I've refrained from saying anything about the Scott Thomas Beauchamp mess, because I think things are still very much in flux, and there's a little too much posturing all the way around. Still, the weekend seem likes a good moment for a breath-catcher and sum up of things thus far.
Beauchamp turns out to be the diarist behind a previously anonymous series of diary entries in The New Republic, which purported to give an inside look at the Army's work from a soldier's perspective. Beauchamp's reporting - particularly of disturbing incidents of cruelty in a Mess Hall incident, desecration of a gravesite and misuse of Bradley fighting vehicles - has been called into question by knowledgeable "milbloggers" (current and former soldiers who blog), and for a while it seemed that no one could even verify that he actually existed, or was actually a soldier.
The other problem for TNR is that its history on hiring and promoting the work of fabulists is not good. The magazine's notorious case of Stephen Glass, who fabricated whole articles and then faked evidence to resist fact checking, was, along witgh Jayson Blair, a disturbing moment for journalists, especially on the left.
Still, the "Scott Thomas" case is starting to look like overkill; Beauchamp's identity having been revealed, the claims by especially rabid conservatives that TNR was dealing with a faker or a fraud have been seriously undercut. While his relationship with a TNR staffer can raise eyebrows, it's hardly the worst thing in the cozy Washington world where husbands and wives overlap with considerable frequency.

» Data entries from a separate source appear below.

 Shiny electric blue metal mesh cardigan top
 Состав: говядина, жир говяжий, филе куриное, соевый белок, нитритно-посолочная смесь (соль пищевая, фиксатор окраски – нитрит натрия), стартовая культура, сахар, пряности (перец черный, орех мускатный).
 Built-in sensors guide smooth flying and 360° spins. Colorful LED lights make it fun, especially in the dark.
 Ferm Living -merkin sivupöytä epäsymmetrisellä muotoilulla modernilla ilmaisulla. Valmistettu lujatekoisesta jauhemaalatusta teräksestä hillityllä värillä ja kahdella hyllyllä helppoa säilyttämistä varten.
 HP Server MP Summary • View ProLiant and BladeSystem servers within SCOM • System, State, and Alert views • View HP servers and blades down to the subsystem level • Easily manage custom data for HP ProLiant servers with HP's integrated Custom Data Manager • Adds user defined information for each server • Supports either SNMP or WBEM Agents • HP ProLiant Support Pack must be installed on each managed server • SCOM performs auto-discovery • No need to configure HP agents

As for what Beauchamp has described, the milbloggers may be right that some of the actions merit investigation and possible disciplinary action. It would be nice to think that rules matter, especially in a situation as difficult as Iraq. But very little has come out to suggest that what Beauchamp describes is out and out falsehood (some, like the dining hall incident, feel overstated, but probably substantively accurate).
However, the whole Beauchamp imbroglio does underline a liberal tactic that I tend to find less than completely useful - a belief by antiwar types that piling up an extensive, and exhaustive, list of wrongs by soldiers will get the troops home sooner. The tactic is a reminder that many people, especially people who by design or by simply choosing to remain uninformed, don't have a complete picture of how soldiers operate. It's not that all soldiers are mindless brutes bent on destruction and casual violence; however, by training, these people are put into situations where its likely they will be in combat and do violence to things. It's the reason why use of military force really needs to be thought through: it's likely that once unleashed, there will be incidents - like the Bradley vehicle "takedowns" that are pointless and unnecessary acts of violence by people who are in situations many of us can't begin to imagine.

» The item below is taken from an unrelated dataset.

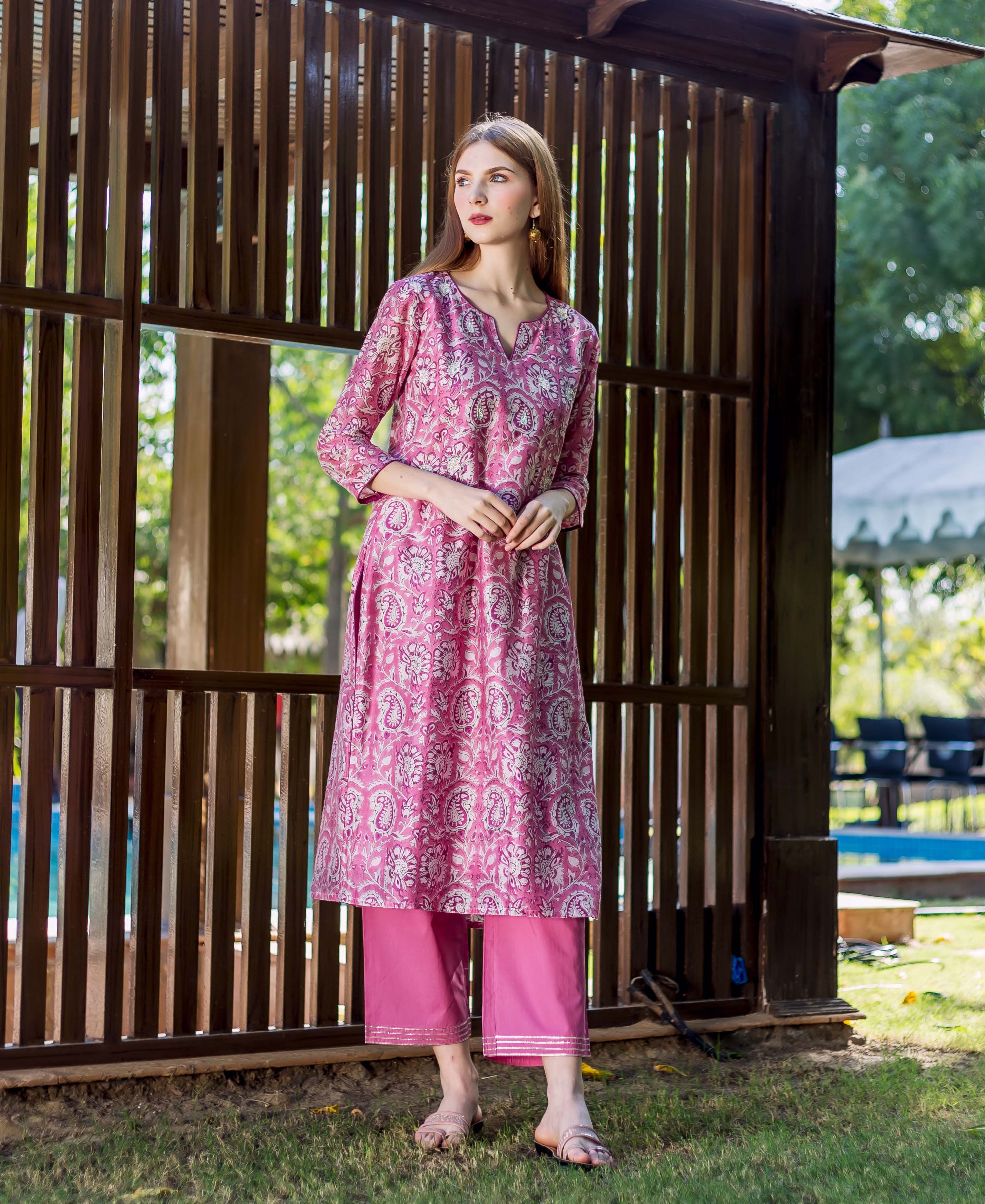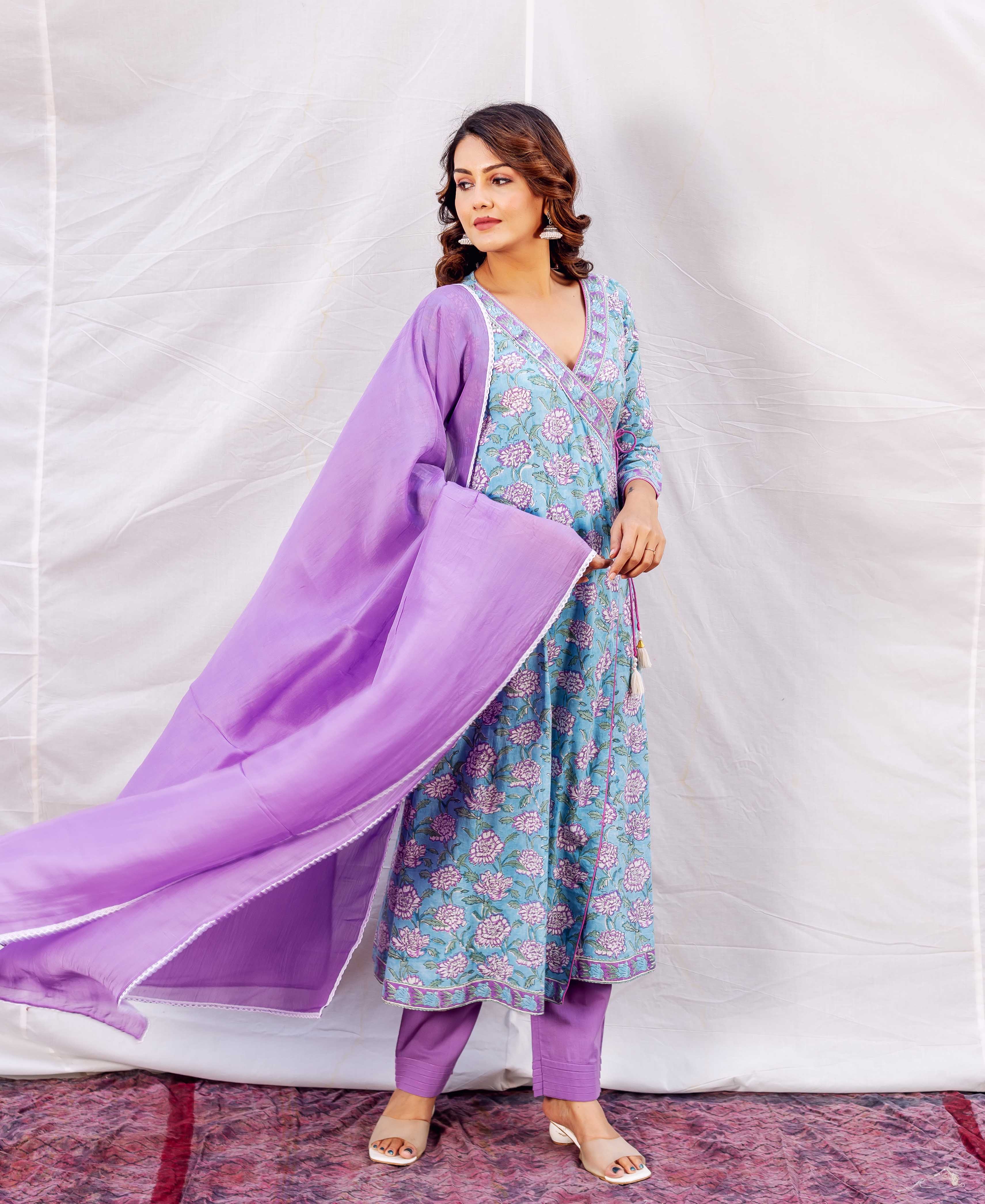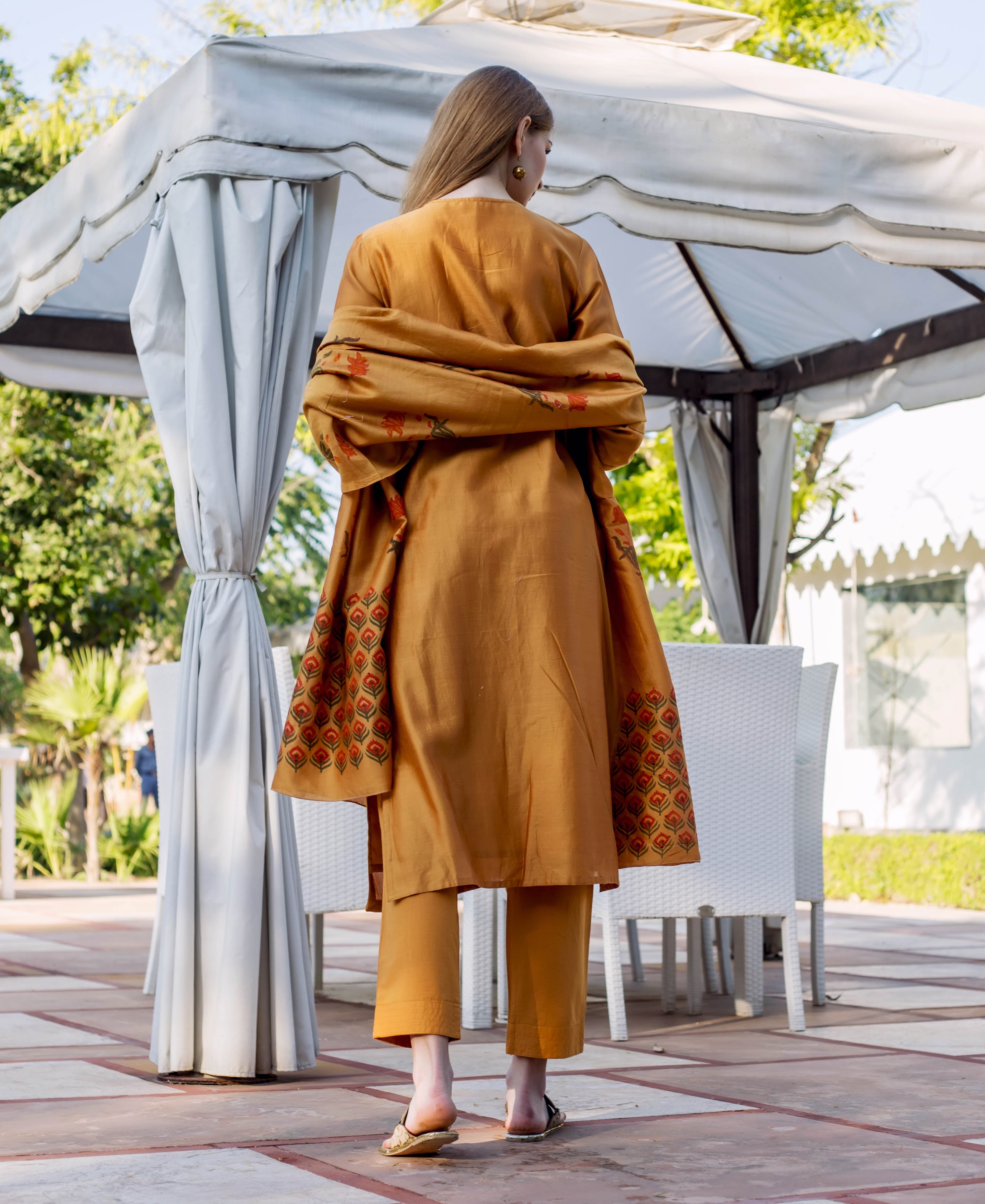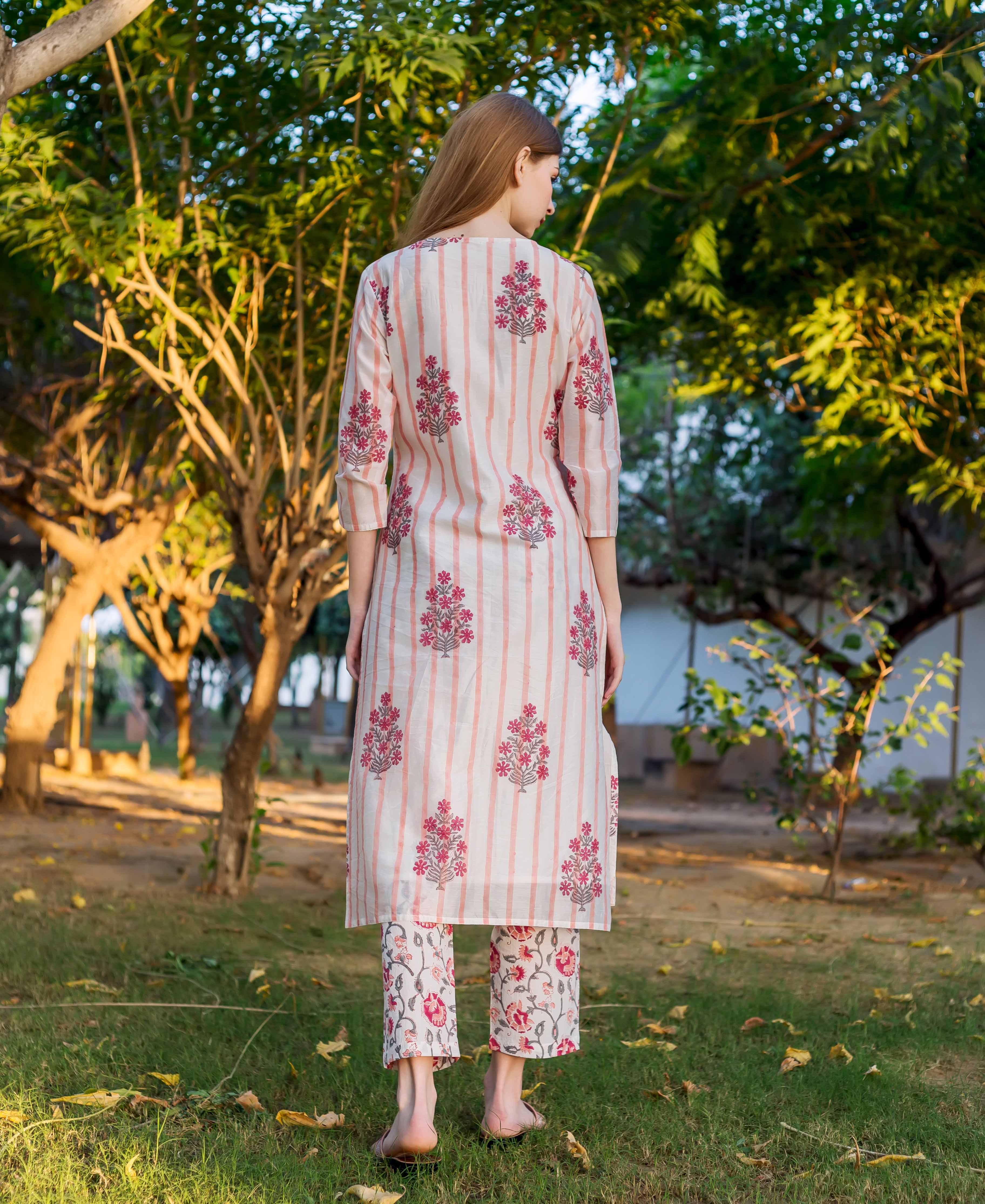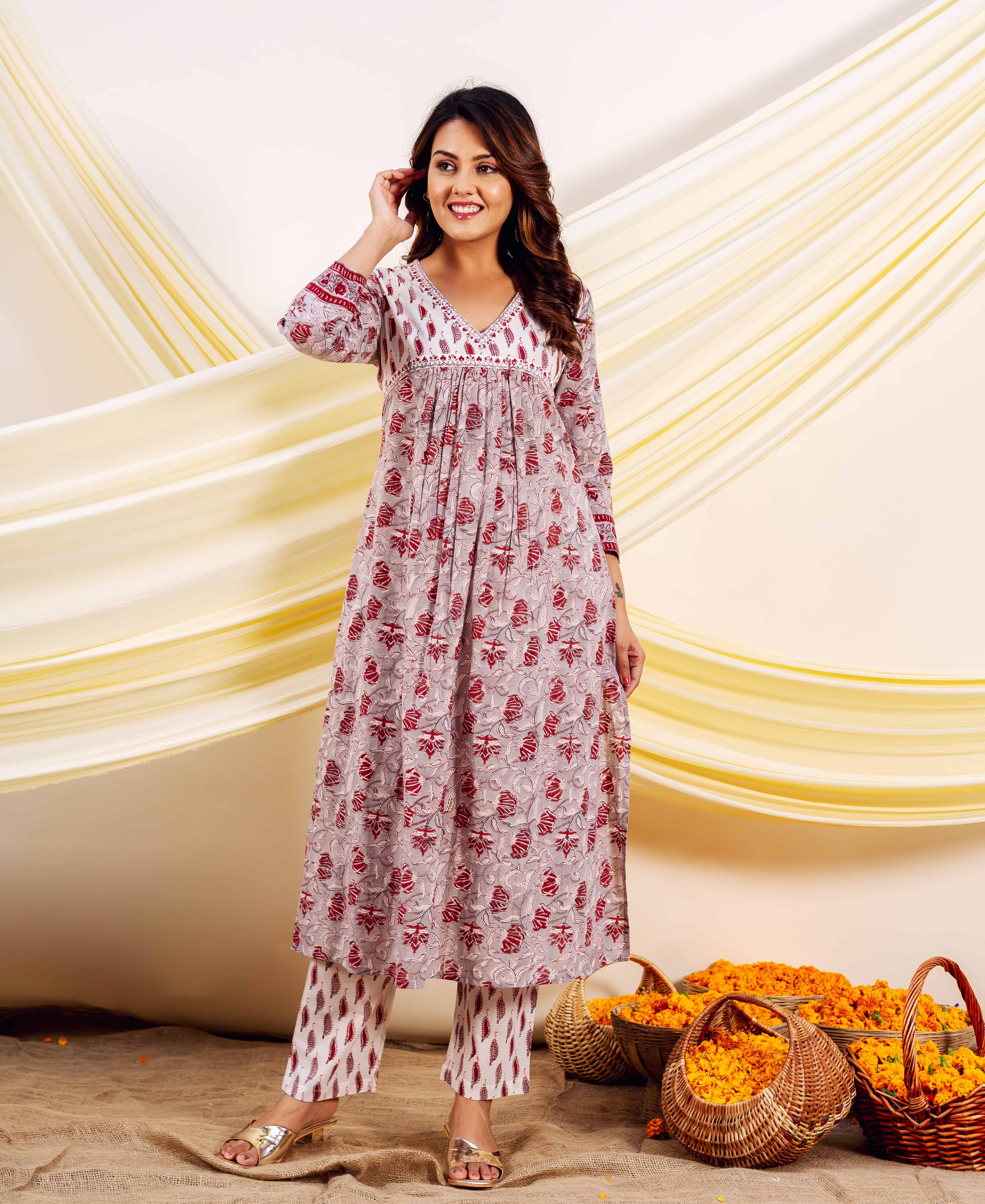 Indigo Hand Block Printed & Embroidered Straight Kurta

If one finds such acts appalling - I certainly do - that seems natural. But if one doesn't think that's part of what happens in every war, then one is being naive. Is Iraq a worse theater of battle than, say, what happened as we swept across Europe after D-Day, or things that happened in Japan while we occupied it? Hard to say. A balanced picture of what military forces do in theater is hard, I think; it's complicated, and it's not pretty, and there's good and bad in what's happening with the Army's presence in Iraq. Airing Beauchamp's largely negative portrait of Army service with little balance is, as conservatives note, stacking the deck to get a reaction. And it is, in many ways, preaching to the converted.

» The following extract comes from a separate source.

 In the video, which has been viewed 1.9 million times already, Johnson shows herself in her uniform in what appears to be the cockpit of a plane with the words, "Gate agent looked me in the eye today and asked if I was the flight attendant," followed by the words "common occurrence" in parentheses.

If we're going to leave Iraq, it will be because of a larger sense of what cannot be accomplished through military force, not because some soldiers, and really a minority of them, are bad actors. Relying on "the atrocity argument" to make the case for leaving won't get us where we need to be; mostly it will leave a lot of shattered glass around that no one, really, wants to deal with. And as long as peacenik lefties are gong to start from a position of not liking the military for being militaristic, we're really in not in a great position to be useful critics of how the military works. It's a problem.. and it's why I, when faced with a controversy like Beauchamp, I tend to think the wise spot is on the sidelines.